‘New Iron Curtain’: Abbott warns Baltic states, Poland will be next if Russia invades Ukraine

Mr Abbott revealed a “robust conversation” he had with Mr Putin on the sidelines of the APEC summit in Beijing in 2014 after he promised to confront the Russian leader over the downing of MH17, which claimed the lives of all 298 people aboard, including 38 Australian citizens or residents.

“With rare intensity, he insisted that Ukraine was really Russian and that their government was fascist or worse – and that provocateurs had brought down the plane,” he said.

‘I fear the only thing that will stop him is death, defeat or the conviction that he would lose.’

Tony Abbott

“And then he grabbed me with both hands and said something both strange and revealing: ‘You are not a native Australian’, he said, ‘but I am a native Russian’.

“It’s this passion for blood and soil and sacred mission that drives my fear that he’s ready to take big risks to restore the Russia of his dreams, especially if he senses weakness and vulnerability.”

China and Russia have presented a united front in recent weeks, saying in a joint statement they “oppose further enlargement of NATO” and called the organization to “abandon its ideologized Cold War approaches”.

Mr Abbott said both countries were intent on helping each other “do its worst”.

“If Russia seizes Ukraine, a new Iron Curtain will ring down in Europe,” he said, referring to the political boundary that divided the continent during the Cold War.

“If China exploits the confusion to seize Taiwan, the whole world order would shift against the democracies as Indo-Pacific countries made the best deal they could with the red superpower or armed themselves to the teeth against it.”


Mr Abbott criticized a number of countries for not doing more, saying “Britain and America have sent anti-tank and anti-aircraft missiles but no troops”, while Germany had been “reluctant even to threaten sanctions, should Russia invade”.

“And in shades of Munich, France has championed a peace deal based on changing the Ukrainian constitution to meet Russia’s demands,” Mr Abbott said, referring to the 1938 agreement that permitted German annexation of the Sudetenland in western Czechoslovakia.

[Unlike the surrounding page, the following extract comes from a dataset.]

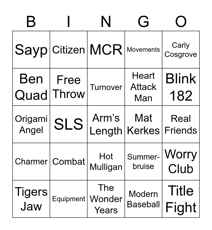 This bingo card has a free space and 24 words: Combat, Equipment, Turnover, Tigers Jaw, Carly Cosgrove, Sayp, Ben Quad, Citizen, Mat Kerkes, Hot Mulligan, Heart Attack Man, Origami Angel, Summer- bruise, Worry Club, Free Throw, Modern Baseball, Real Friends, MCR, Blink 182, SLS, Title Fight, Charmer, Movements and The Wonder Years.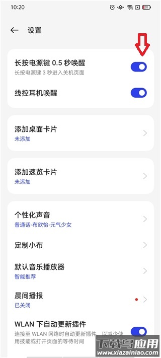 2、在设置中开启长按电源键0.5秒唤醒或线控耳机唤醒选项,即可激活语音唤醒模式;

“Last week, the German Chancellor proclaimed that ‘war has become unthinkable in Europe and we have to make sure it stays that way’ – even though he must know that up against someone who thinks differently and who routinely uses war to achieve his ends, the only way to avoid war is to surrender,” Mr Abbott said.

“Is Germany so ashamed of its past and so energized by its wealth that it can no longer stand up to those set on taking advantage of it, including a Russian president bent on economic and military blackmail?”

At the very least, Mr Abbott said NATO should be ready to substantially reinforce its frontline states and supply Ukrainians with “whatever they need to fight on”.


The former prime minister said Mr Putin had “invaded Georgia, annexed Crimea, occupied the Donbas, killed without compunction opponents at home and abroad, and restored Russia as a military superpower despite an economy smaller than Italy’s”.

The only way to keep Russia and China in check in the years ahead was for the world’s democracies to unite “one for all and all for one”.

He said Western democracies needed to remember “how readily a freedom that’s not cherished and defended can be lost”, adding this was “starting to dawn on us in Australia” as it was forced to stand up to a rising and more aggressive China.

“Australians are accustomed to answering the call all over the world because we’ve always known that deterring aggression means letting the aggressor know that their targets aren’t alone,” he said.

“And as history shows, the best way to make potential aggressors think again is to have a contingent of allied soldiers in place so that an attack on a relatively weaker country means engaging the forces of relatively stronger ones.”